2. Technical Examples and Useful Commands

To investigate the issue, I suggest you check the following points:

• Verify the vulnerability-detector Module Configuration:

  Make sure the module is enabled in the manager's ossec.conf file (/var/ossec/etc/ossec.conf). It should have a section similar to this:

  XML

  <ossec_config> <vulnerability-detector> <enabled>yes</enabled> <interval>5h</interval> <run_on_start>yes</run_on_start> <provider name="canonical"> <enabled>yes</enabled> <os>ubuntu</os> <os>debian</os> </provider> </vulnerability-detector> </ossec_config>

  Verify that the provider (provider) and operating system (os) are configured for your agents.

• Check the Manager's Logs:

  Review the manager's logs for errors related to vulnerability-detector or communication with the agents.

  Bash

  grep 'vulnerability-detector' /var/ossec/logs/ossec.log

  Look for messages indicating failures in database downloads or information processing.

• Force a Manual Rescan:

  While restarting the manager was often enough in previous versions, in more recent versions like 4.10.1, the process is more granular. The Wazuh manager automatically detects changes in the agents' software inventory. However, to force a rescan, you can restart the agent individually.

  On the Linux agent:

  Bash

  sudo systemctl restart wazuh-agent

  This will force the agent to send the updated package list to the manager on its next check-in.

• Verify Agent Inventory Information:

  You can verify the information the manager has for your agent via the API. For example, if the agent_id is 001:

  Bash

  curl -u <username>:<password> -k -X GET "https://localhost:55000/agents/001/syscollector/packages"

  This will allow you to confirm whether the manager has received the updated package list.

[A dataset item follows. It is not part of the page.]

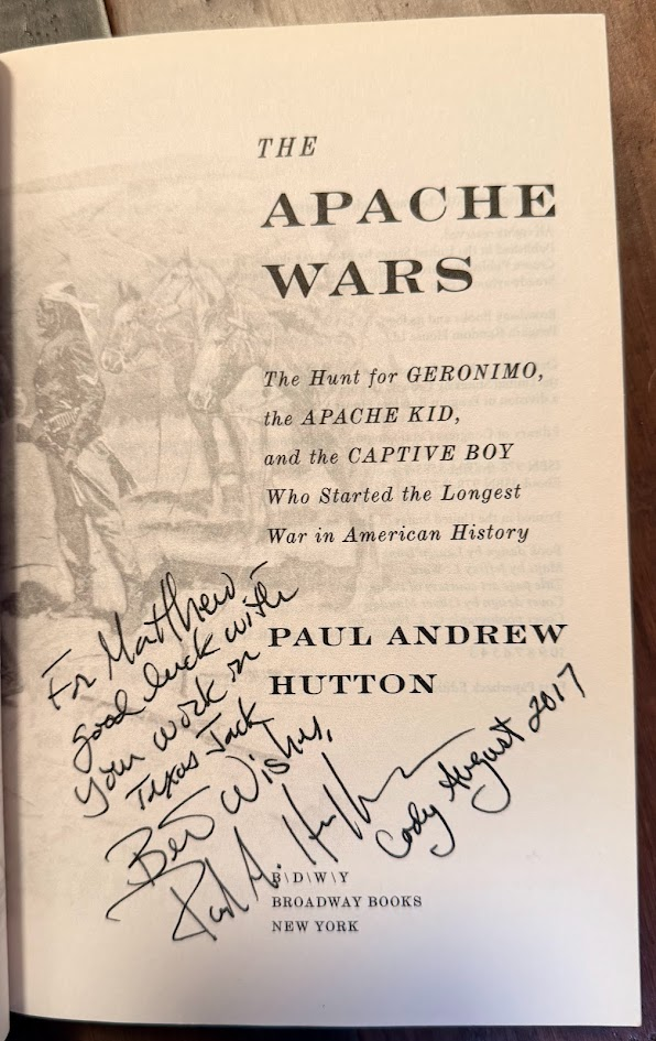 That evening’s keynote speaker was historian and author Paul Andrew Hutton, whose book The Apache Wars I had brought with me, hoping to have him sign it. After his talk, I had the chance to meet him and tell him about the project I was working on. He told me he had read the earlier book on Texas Jack and said it was great that someone was taking a fresh look at Jack and his legacy. His encouragement meant a lot to me at that moment.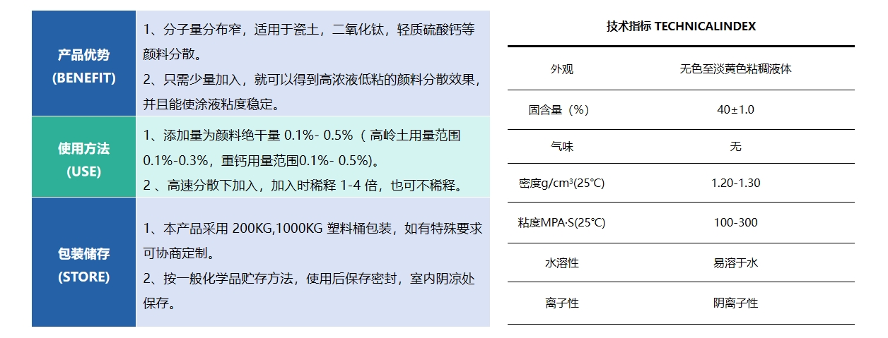 HQ-S933M 分散劑,是聚胺酸系列涂料分散劑,極易溶于水,對(duì)無機(jī)頻料 有很好的分散劑和降粘效果。使涂布漿料有極具流動(dòng)性。

3. Useful Resources for Further Investigation

• Official Wazuh Documentation: The documentation is your best ally. Check the Vulnerability Detection section for your specific version (4.10.1).

  • https://documentation.wazuh.com/current/user-manual/capabilities/vulnerability-detection/index.html

• Wazuh Forum and Community: The Wazuh community is a valuable resource for finding solutions to common problems.

  • https://groups.google.com/forum/#!forum/wazuh

4. Best Practices and Warnings

• Configuration Consistency: Ensure that the vulnerability-detector module configuration on the Wazuh manager matches the operating systems of your agents. An error in this configuration can lead to vulnerabilities not being detected.

• Performance Considerations: If you have a large number of agents, forcing constant restarts or a very high scanning frequency can impact the manager's performance. Adjust the scanning interval (interval) according to your needs and your infrastructure's capacity.

• Versions and Compatibility: Always ensure that the manager and agents are compatible. Although your version 4.10.1 is recent, it's important to consider the release notes.

• User Interface Usage: Sometimes, the problem may simply be a matter of browser cache. Try reloading the page or clearing your browser's cache to ensure you're seeing the most recent information.

In summary, while restarting the manager might have been a solution in previous versions, the modular architecture of recent Wazuh versions requires a more detailed approach. We recommend you follow the diagnostic steps mentioned to identify the root cause of the problem. If the situation persists after following these steps, we suggest you review the manager and agent logs in more detail to identify any specific errors.